Goal of the exercise: Nothing but the lines from the one with "全国いけばな体験リレーについ" down to the one with "Farbiger Überschriften-Rahmen TOPSIGN" should be returned, exactly and with both ends included, from the material below.

Dataset extract:
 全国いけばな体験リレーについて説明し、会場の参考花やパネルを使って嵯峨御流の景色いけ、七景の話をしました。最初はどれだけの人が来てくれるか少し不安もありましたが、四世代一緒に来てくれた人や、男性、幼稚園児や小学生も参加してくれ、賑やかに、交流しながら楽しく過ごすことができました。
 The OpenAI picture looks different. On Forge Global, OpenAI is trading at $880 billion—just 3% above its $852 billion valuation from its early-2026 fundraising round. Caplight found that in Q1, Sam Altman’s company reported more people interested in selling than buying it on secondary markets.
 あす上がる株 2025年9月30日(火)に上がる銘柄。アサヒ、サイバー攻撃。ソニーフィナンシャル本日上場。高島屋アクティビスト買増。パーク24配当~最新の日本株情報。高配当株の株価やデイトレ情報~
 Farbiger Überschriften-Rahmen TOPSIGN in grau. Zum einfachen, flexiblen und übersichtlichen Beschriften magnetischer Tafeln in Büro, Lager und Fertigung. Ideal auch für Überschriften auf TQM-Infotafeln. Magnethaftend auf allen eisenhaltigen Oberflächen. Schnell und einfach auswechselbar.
...
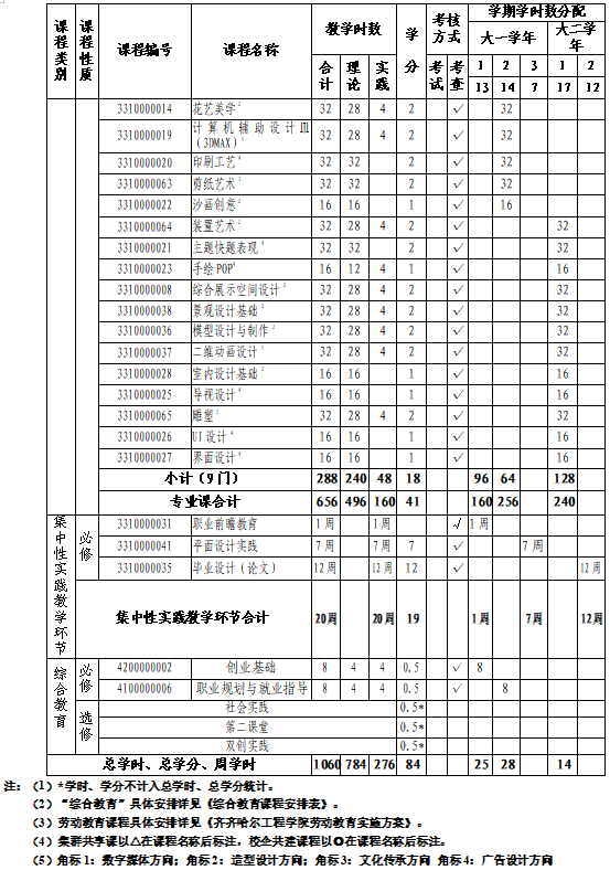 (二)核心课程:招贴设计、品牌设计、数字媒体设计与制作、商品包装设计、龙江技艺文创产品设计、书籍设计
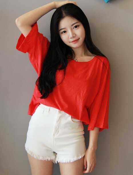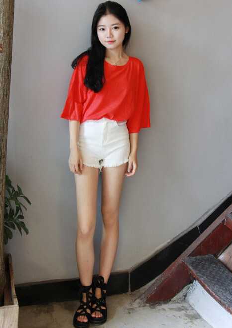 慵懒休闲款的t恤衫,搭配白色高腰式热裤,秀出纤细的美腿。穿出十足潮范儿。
---
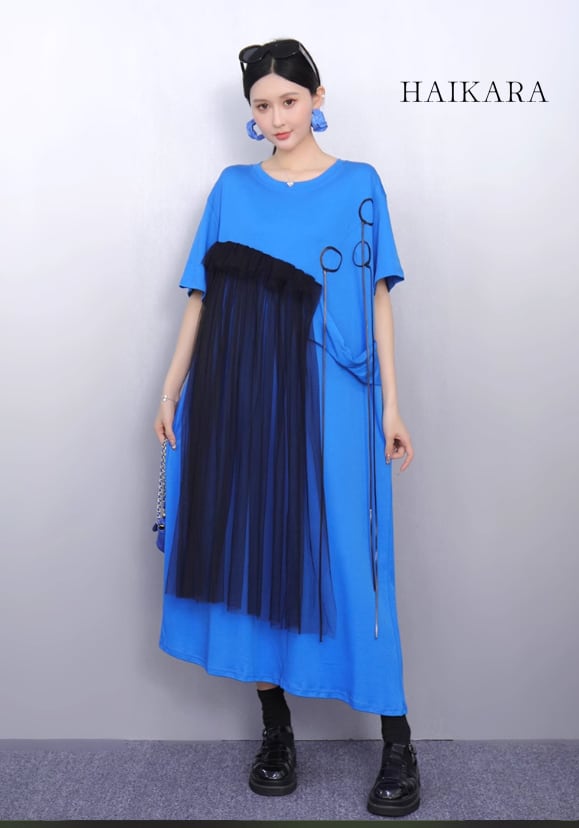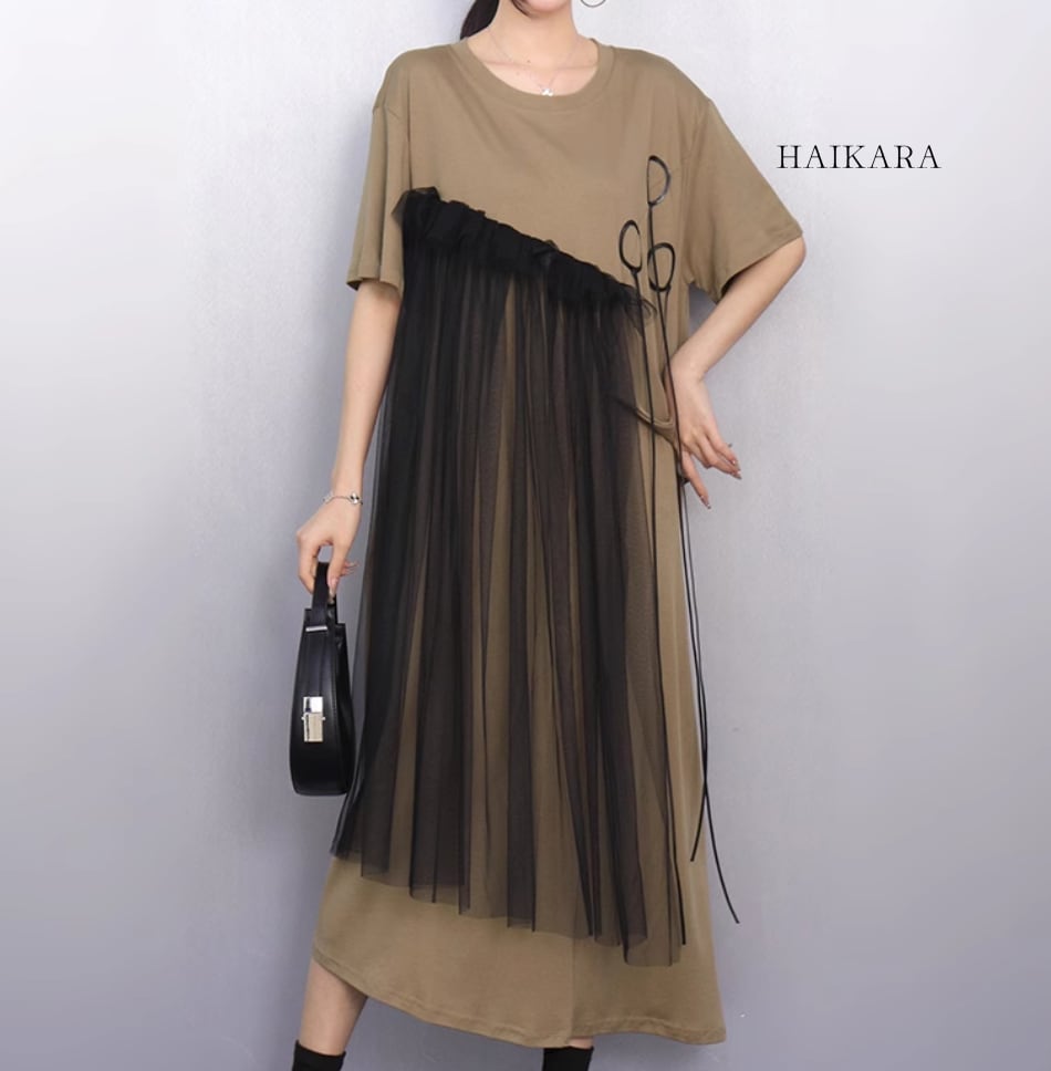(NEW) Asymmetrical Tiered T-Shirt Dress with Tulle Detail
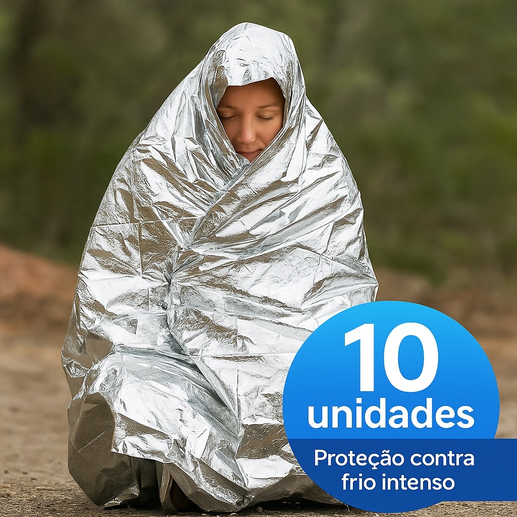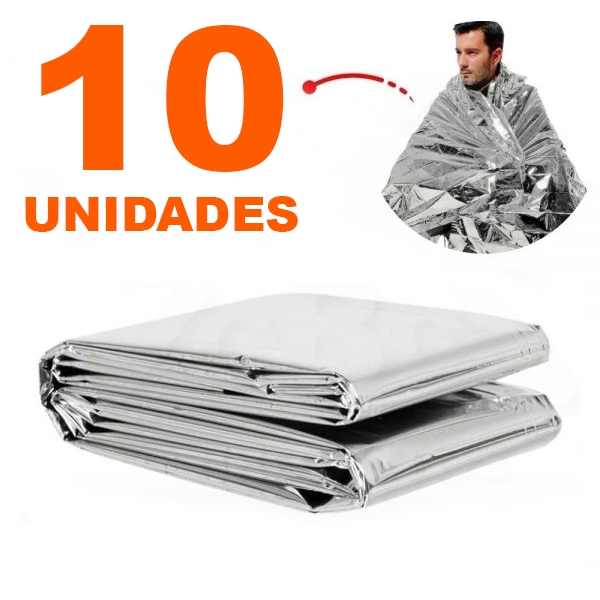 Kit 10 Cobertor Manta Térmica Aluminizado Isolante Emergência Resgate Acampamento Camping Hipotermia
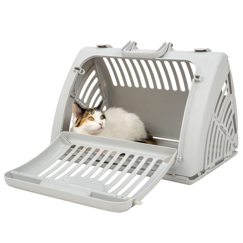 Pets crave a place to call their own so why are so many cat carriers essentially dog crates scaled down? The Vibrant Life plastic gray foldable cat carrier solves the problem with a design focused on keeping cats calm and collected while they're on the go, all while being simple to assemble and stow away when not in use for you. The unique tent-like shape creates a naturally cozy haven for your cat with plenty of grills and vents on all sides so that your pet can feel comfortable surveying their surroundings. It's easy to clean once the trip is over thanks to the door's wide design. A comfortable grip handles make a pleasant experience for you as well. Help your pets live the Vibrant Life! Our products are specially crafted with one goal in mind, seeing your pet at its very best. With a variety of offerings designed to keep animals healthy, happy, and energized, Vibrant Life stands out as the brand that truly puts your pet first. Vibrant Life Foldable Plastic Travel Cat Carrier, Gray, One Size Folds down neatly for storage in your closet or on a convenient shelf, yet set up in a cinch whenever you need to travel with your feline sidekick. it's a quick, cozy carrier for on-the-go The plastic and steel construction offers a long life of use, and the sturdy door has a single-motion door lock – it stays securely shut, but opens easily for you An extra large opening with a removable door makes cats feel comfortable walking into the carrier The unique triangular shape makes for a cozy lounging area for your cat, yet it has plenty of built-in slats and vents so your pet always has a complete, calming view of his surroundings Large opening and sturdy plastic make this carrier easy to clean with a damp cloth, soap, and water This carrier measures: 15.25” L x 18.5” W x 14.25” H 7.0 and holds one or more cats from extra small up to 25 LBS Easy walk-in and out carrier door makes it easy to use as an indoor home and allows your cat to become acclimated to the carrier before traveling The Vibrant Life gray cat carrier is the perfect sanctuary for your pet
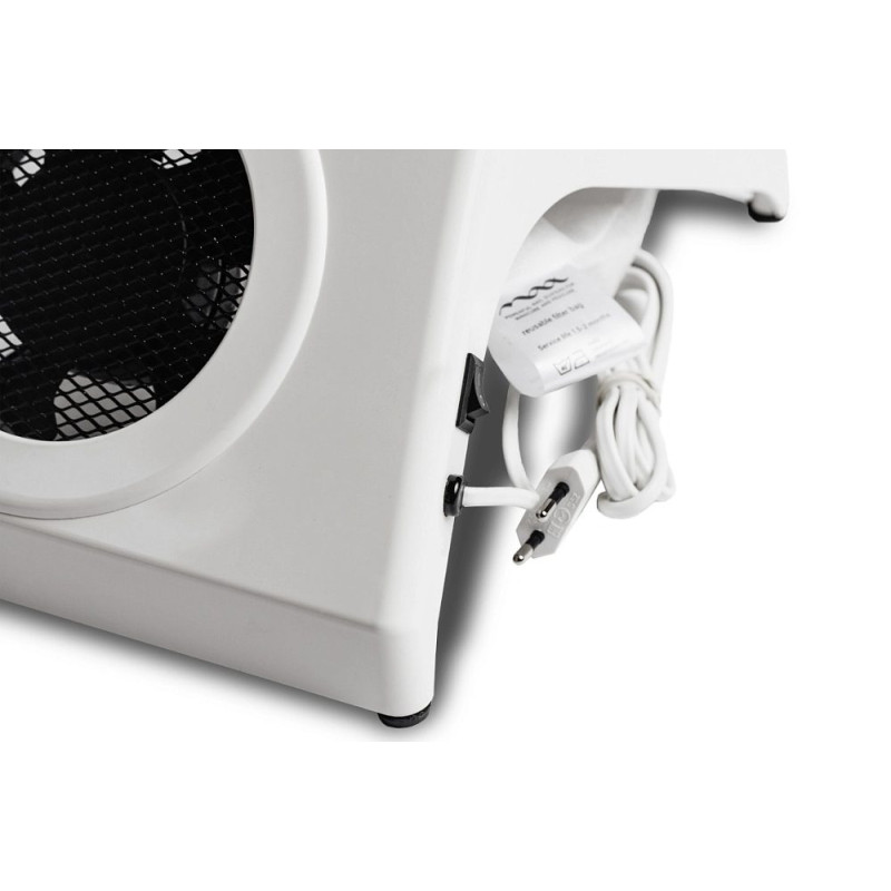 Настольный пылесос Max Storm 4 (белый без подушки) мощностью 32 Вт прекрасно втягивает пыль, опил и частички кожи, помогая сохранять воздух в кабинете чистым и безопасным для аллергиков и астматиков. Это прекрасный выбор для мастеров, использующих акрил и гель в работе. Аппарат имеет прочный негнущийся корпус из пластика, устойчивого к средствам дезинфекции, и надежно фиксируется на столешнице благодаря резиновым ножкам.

Written response:
 全国いけばな体験リレーについて説明し、会場の参考花やパネルを使って嵯峨御流の景色いけ、七景の話をしました。最初はどれだけの人が来てくれるか少し不安もありましたが、四世代一緒に来てくれた人や、男性、幼稚園児や小学生も参加してくれ、賑やかに、交流しながら楽しく過ごすことができました。
 The OpenAI picture looks different. On Forge Global, OpenAI is trading at $880 billion—just 3% above its $852 billion valuation from its early-2026 fundraising round. Caplight found that in Q1, Sam Altman’s company reported more people interested in selling than buying it on secondary markets.
 あす上がる株 2025年9月30日(火)に上がる銘柄。アサヒ、サイバー攻撃。ソニーフィナンシャル本日上場。高島屋アクティビスト買増。パーク24配当~最新の日本株情報。高配当株の株価やデイトレ情報~
 Farbiger Überschriften-Rahmen TOPSIGN in grau. Zum einfachen, flexiblen und übersichtlichen Beschriften magnetischer Tafeln in Büro, Lager und Fertigung. Ideal auch für Überschriften auf TQM-Infotafeln. Magnethaftend auf allen eisenhaltigen Oberflächen. Schnell und einfach auswechselbar.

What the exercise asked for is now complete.